What you have to do: An exact copy of the lines of the listing below between the "Electrical Rough-ins installed" line and the "Hamburg Water Works 2019" line, both included, is the whole answer; please omit the pictures.

Supplied material:
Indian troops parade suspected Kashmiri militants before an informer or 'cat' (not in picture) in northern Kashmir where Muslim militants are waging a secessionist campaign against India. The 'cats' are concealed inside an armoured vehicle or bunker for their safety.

==

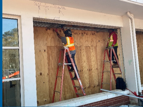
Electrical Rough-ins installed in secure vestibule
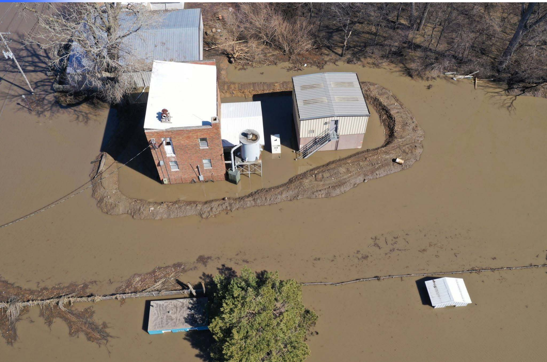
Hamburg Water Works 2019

* * *

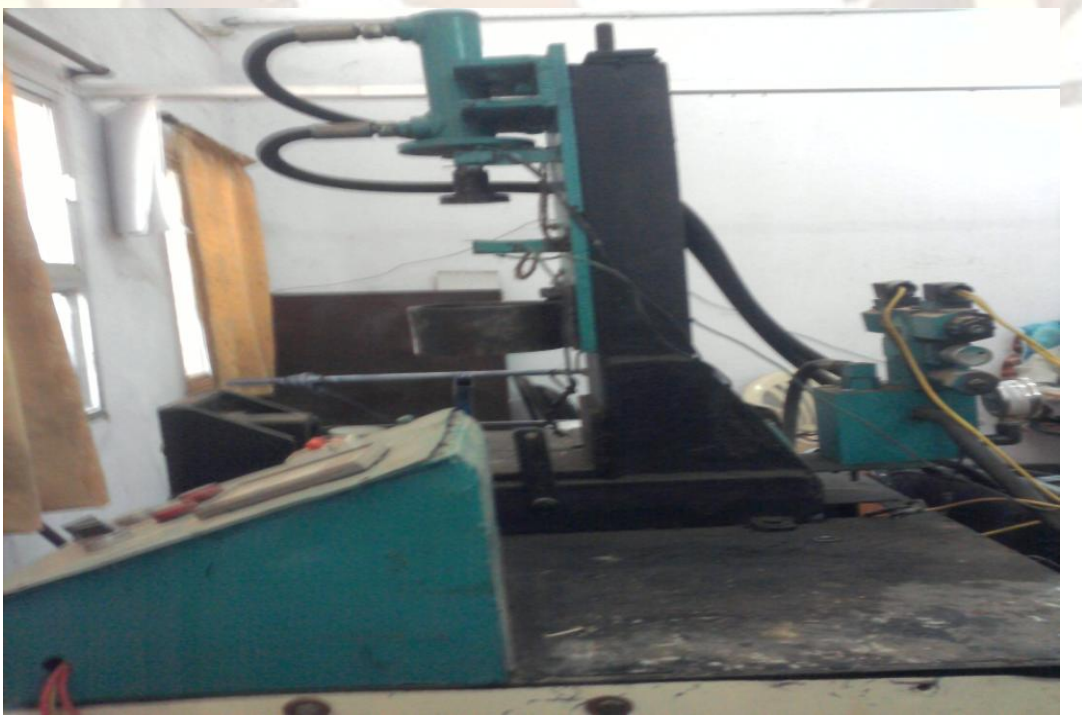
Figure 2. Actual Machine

Exercise output:
Electrical Rough-ins installed in secure vestibule
Hamburg Water Works 2019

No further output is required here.